2. I like concise, compact accounts of things. Bullet points can work against this (because they space things out) or for it (by encouraging terseness). But I don't like concision when it comes at the cost of clarity or correctness, and maybe concise bullet points are bad because they encourage omission of necessary nuance.

3. I agree with the person who said numbered lists are better than bullet points because they allow for easy cross-reference. (But also for easy screwups, if you add something and everything gets renumbered without the cross-refs being fixed up.)

4. Bullet-lists don't tend to make for elegant writing. Sometimes that matters, sometimes not.

5. Bullet-lists can obscure your logical structure instead of revealing it, as follows. The list structure takes the place of many explicit logical-structuring elements ("therefore", "because", "furthermore", etc.) but sometimes explicit is better than implicit and e.g. it may not be clear to the reader whether you're saying "here's another reason to believe X", "here's a good argument against X which I'll address below", "here's a silly argument against X which I bring up merely as a hook on which to hang something I want to say in favour of X", etc.
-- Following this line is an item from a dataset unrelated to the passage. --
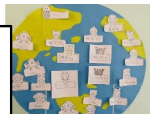
ピンクバンド・ラッキーワード

いっぱいあいさつがあってすごかったです。もっと外国のことばや人を知りたいです。自分は自分でいいんだと思いました。とても楽しかったです。歌も楽しかったです。また、いろいろ教えてほしいです。 (2年生)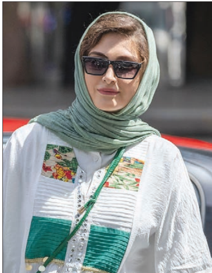
پر سر و صدای ماه تبلیغات خاص دو سریال

سرانجام ماجرا | متأسفانه در فصل جدید هم تصویربرداری لیگ‌برتر فوتبال در اغلب اوقات با دوربین‌های قدیمی و SD انجام می‌شود. ضعف‌های پوشش تلویزیونی اما همین یک مورد نیست و عدم هویت بصری ثابت، تبلیغات با فونت درشت، ضعف گزارش‌گران و... از جمله آنهاست.

6. Although bullet-lists tend (on the whole) to clarify logical structure at small scales, they don't work so well at larger scales (say the length of an essay, or even a book). For that you need something else: chapters, headings, and so forth. And longer (say, paragraph-length or more) explanations of the structure. ("In this book I'm going to argue that scholarly publications in theoretical physics should be written in verse. The first three chapters motivate this by showing some examples of important papers whose impact was greatly reduced by their being written in prose. Then I'll explain in detail what poetic forms are most appropriate for what sort of research and why, giving numerous examples. The final four chapters of the book illustrate my thesis by taking Einstein's so-called "annus mirabilis" papers and rendering them in the sort of verse form I recommend. This book is dedicated to the memory of Omar Khayyam.")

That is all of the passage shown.